More on PPT’s Persons of the Year

2 01 2013

As readers know, a couple of days ago, PPT announced our PPT Persons of the Year as being each and every political prisoner who remains locked in a Thai prison. We now want to draw attention to two other blogs that have stories that are relevant to these political prisoners.

First, at Siam Voices, Saksith Saiyasombut writes about lese majeste in 2012 which begins with the headlined notion of “cowardice.” Amongst some excellent points, this one is important:

The chances that the law will be somehow changed (or even just remotely touched by politicians) remain slim as two incidents have shown that it is untouchable: the Constitutional Court rejected a petition by Somyot Pruksakasemsuk and Ekachai Hongkangwan, both currently on trial for lèse majesté, as it does not see the constitutional right to free speech being violated by Article 112 of the Criminal Code. In another story, a bill petition proposing to amend the law – signed by over 30,000 – was dismissed by the speaker of the parliament.

We remain hopeful that brave activists such as those associated with Nitirat can continue the push for change and reform in this area.

Second, The Isaan Record has posted an update on the fate of four red shirt political prisoners from Ubol, now incarcerated in the special prison for red shirts at Laksi.
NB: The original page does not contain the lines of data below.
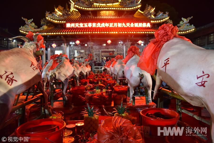 福建漳州拜天公典礼:祭品铺满广场
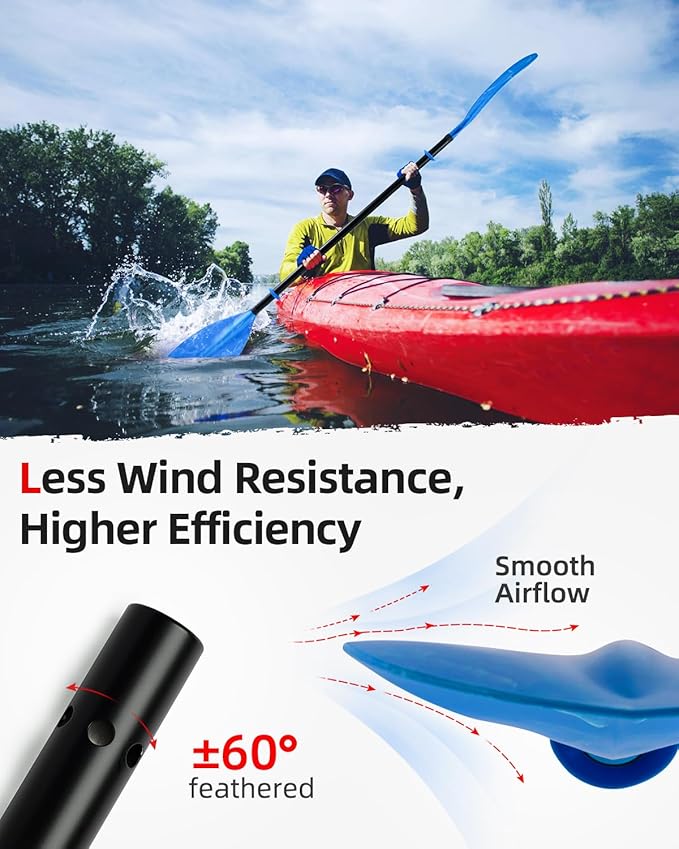 • 【LIGHTWEIGHT AND DURABLE 】The aluminum alloy shaft is known for its strength and ability to withstand the wear and tear of frequent use. In addition to its durability, the aluminum alloy shaft also offers better performance and more efficient paddling. PP blades are lightweight and indestructible blades offer flexibility and efficiency, making it easier for paddlers to navigate through the water with ease.
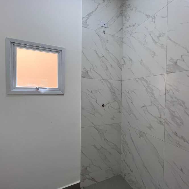Banheiros modernos, com acabamento em porcelanato e nichos elegantes.
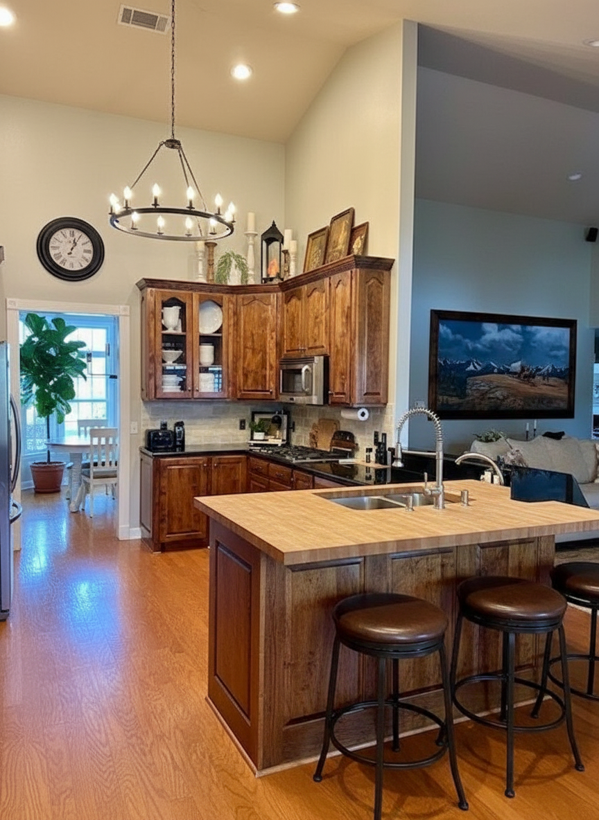 neutral lighting tone modern architectural home open airy ambience with natural light no cornices artwork to look painterly light grey coloured australian bluestone floor tile realistic carrara marble table top realistic carrara marble credenza top medium charcoal coloured credenza cupboards black aluminium window recessed downlights caramel coloured dining chairs with stainless steel legs white american oak timber joinery kitchen cupboards beige coloured ribbed carpet on stair white coloured stringer to stair fine steel stair handrail coloured black solid curved wall in front of staircase to be colour white light from large format doors behind camera out of side sliding white door coloured white on far left hand side stainless steel fridge
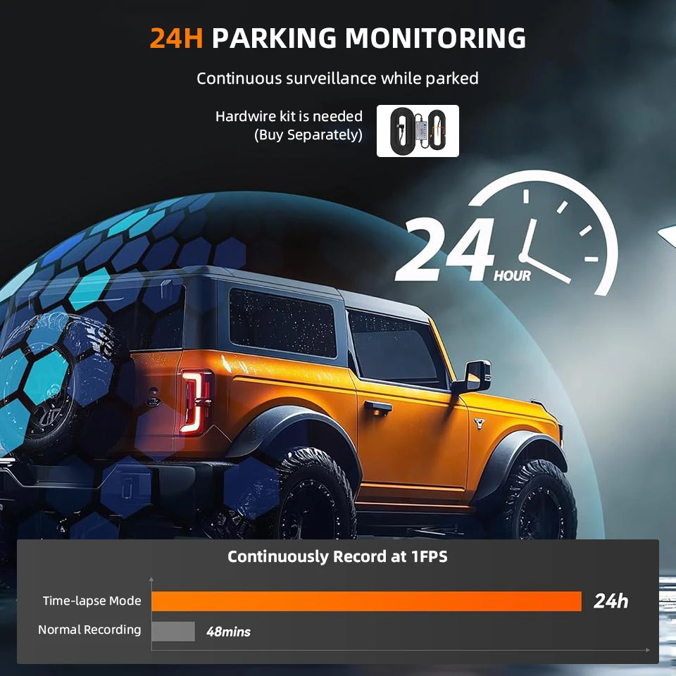 Taking a 16G memory card as an example, only about one hour of video can be recorded in the 30-frame per second mode. After the time-lapse recording function is enabled, recording time under 1 frame per second mode will reach 30 hours (more than 24 hours), which will increase the maximum recording time and data storage by 30 times, ensuring the integrity of the recorded content, greatly saving memory Card space and protect your vehicle for more than 24 hours.(Note: Need to buy a buck line)
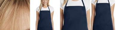 100% cotton with Teflon finish for added stain protection 2 waist-level patch pockets with a pen pocket 1" wide neck and waist ties, adjustable neck strap Measures: 22"w x 30"l
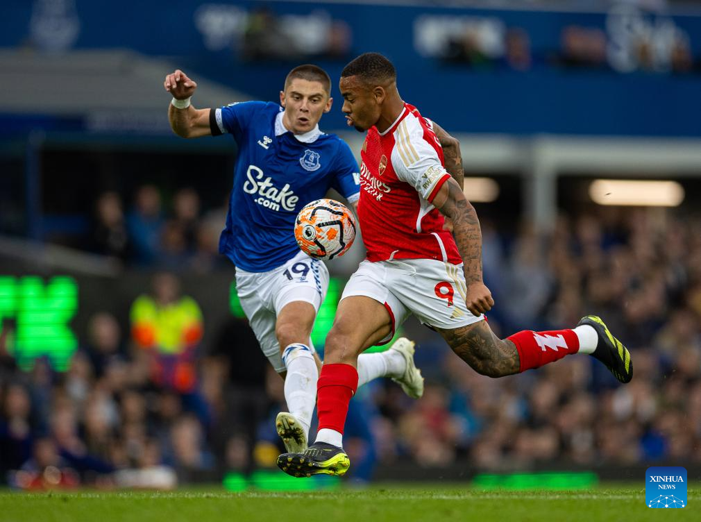 Arsenal's Gabriel Jesus (R) is challenged by Everton's Vitalii Mykolenko during an English Premier League match between Everton and Arsenal in Liverpool, Britain, on Sept. 17, 2023. (Xinhua)
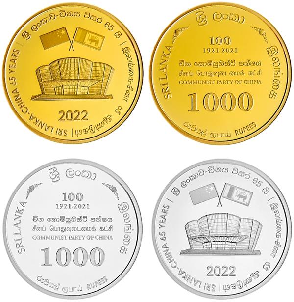 为庆祝中国共产党建党100周年暨中斯建交65周年(2022年2月7日),斯里兰卡中央银行联合中国印钞造币公司,专门设计、铸造了一套“百年华诞、千秋伟业”纪念金银币,隆重纪念中斯两国、两党及两国人民源远流长、历久弥坚的深厚友谊。这是斯里兰卡央行1950年成立以来首次为外国政党诞辰铸造纪念币。
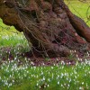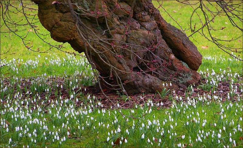 Der starke gekrümmte Baum umrandet mit den zarten Schneeglöcken, ein wunderbarer Anblick.
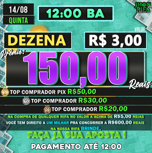 TOP 1ºR$50,00 /TOP 2º R$30,00 /TOP 3ºR$20,00
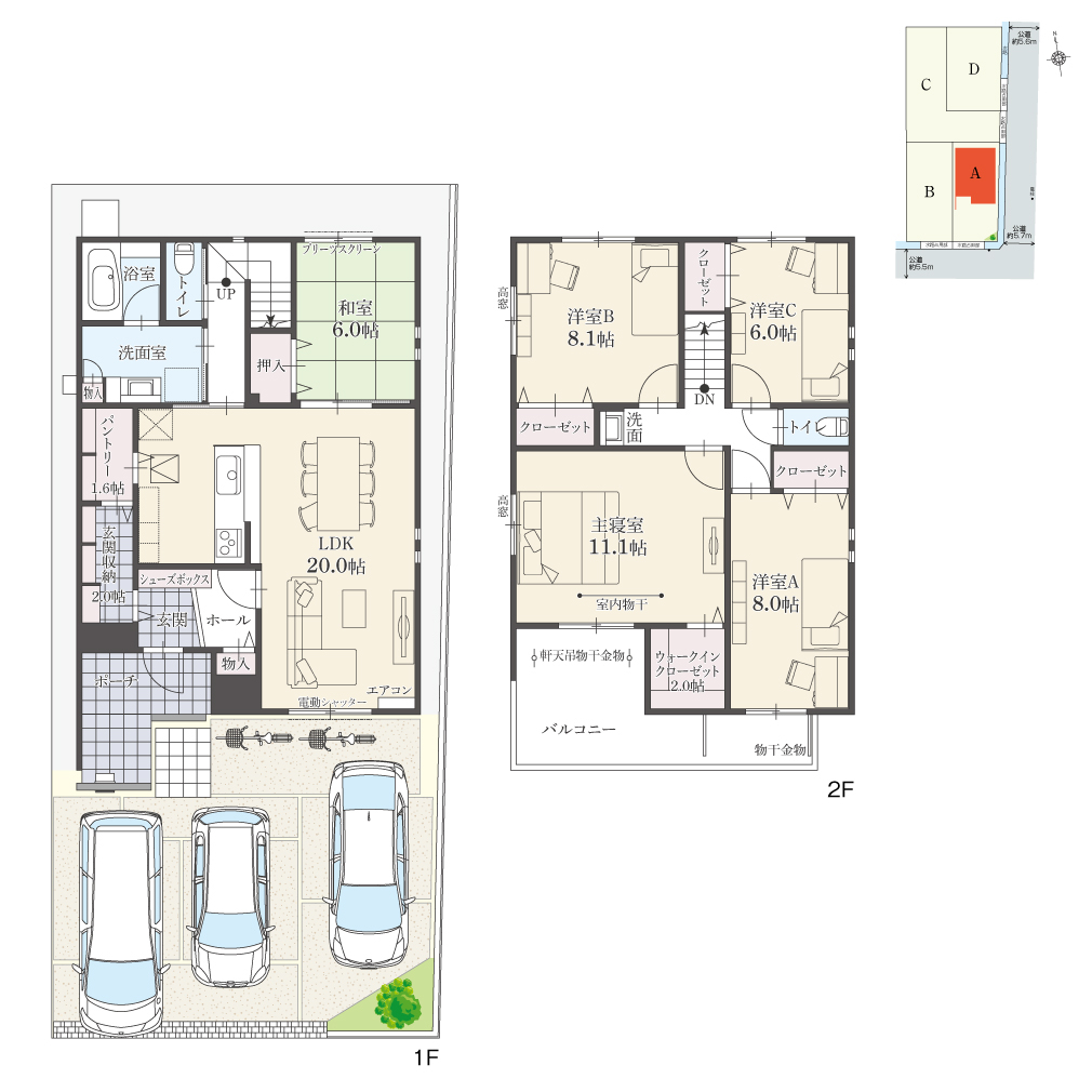 ・駐車台数は、区画図または各間取り図に表示の自動車サイズを想定しております。車種によっては駐車台数が異なる場合があります。

They have languished in jail for two years yet, as the report states:

… the bars of their prison have not been able to keep them completely locked up. Even from within their cells, they continue to fight for their freedom and democracy in Thailand through letters….
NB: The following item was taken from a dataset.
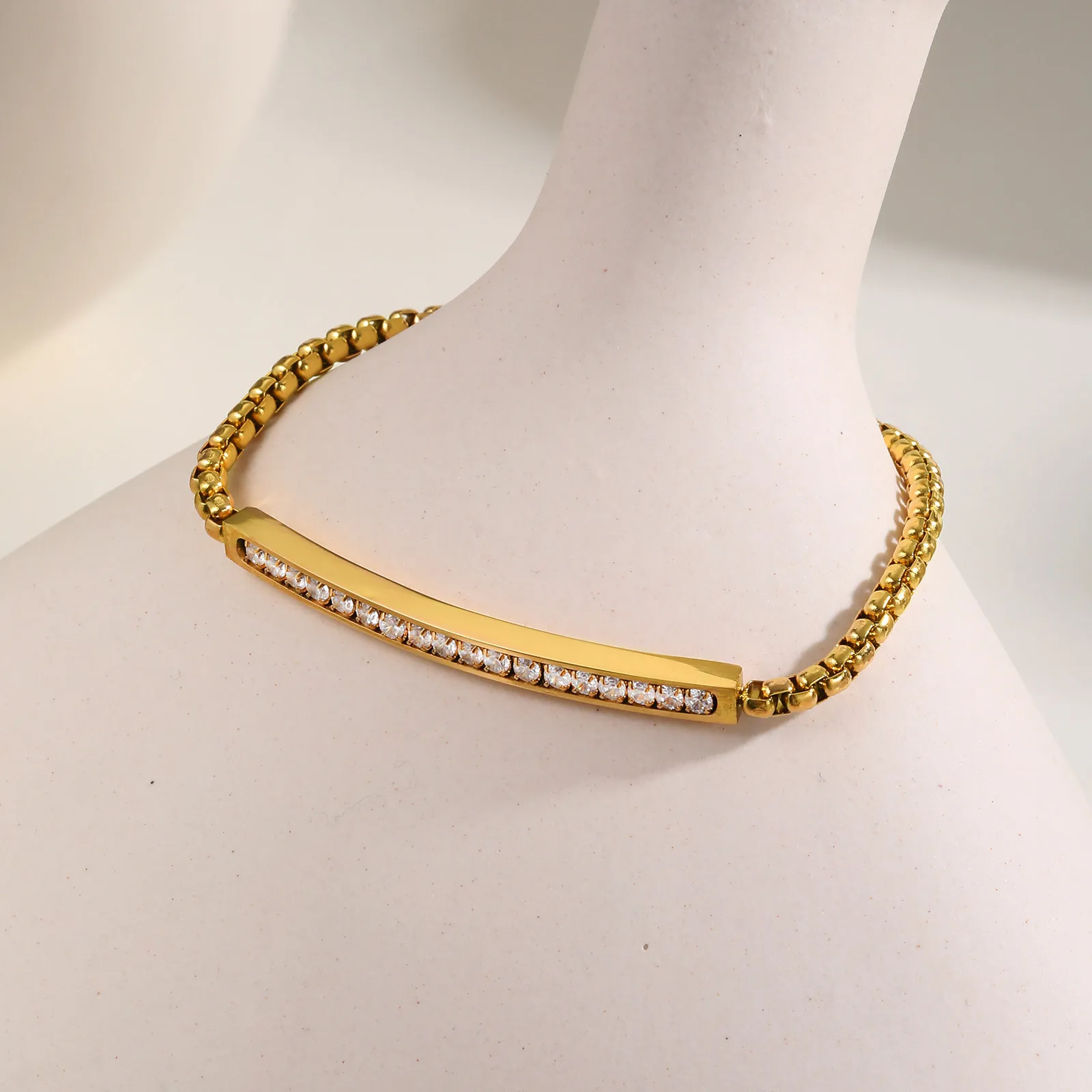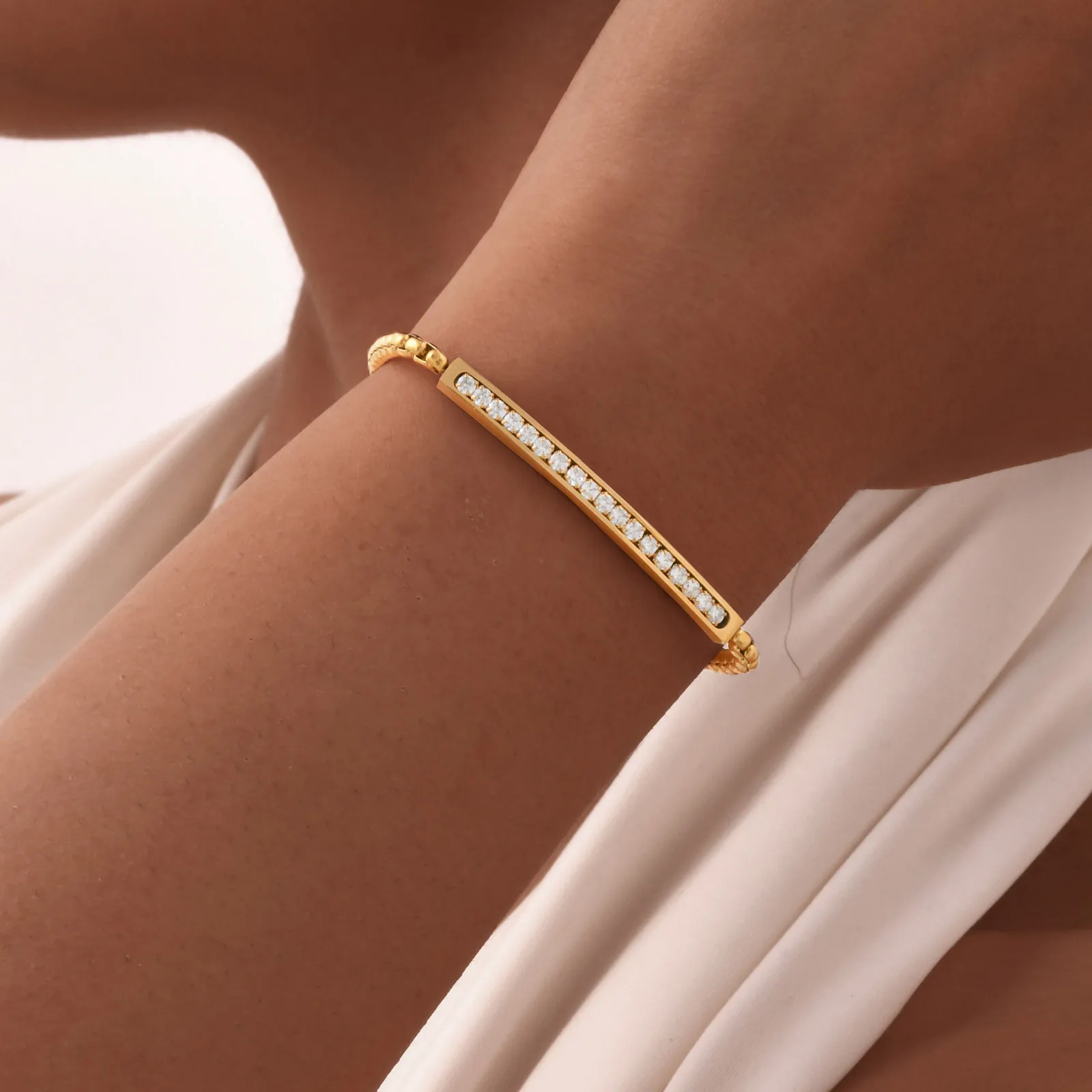Personal Design Luxury Stainless Steel Women Adjustable Chain Bracelets Stainless Steel Gold Plated Square Zircon Bracelet

The RedFam Fund considers the four to be political prisoners, asserting they have been jailed due to their political beliefs and activism. This resonates within their letters, which hold sentiments not only about their struggle for their release, but also about the need for change in what they believe to be a broken justice system.

One of the prisoners, Teerawat Satsuwan, in a letter to the RedFam Fund, which supports them and their families writes of justice and democracy:

I miss home so much…. But, in the fight, there must always be someone who sacrifices. I am not sad, professor, because I fight for our brothers and sisters. I fight for justice for Thai people. I don’t want anyone to step on the head of the poor, so I fight for democracy so that the poor can receive it.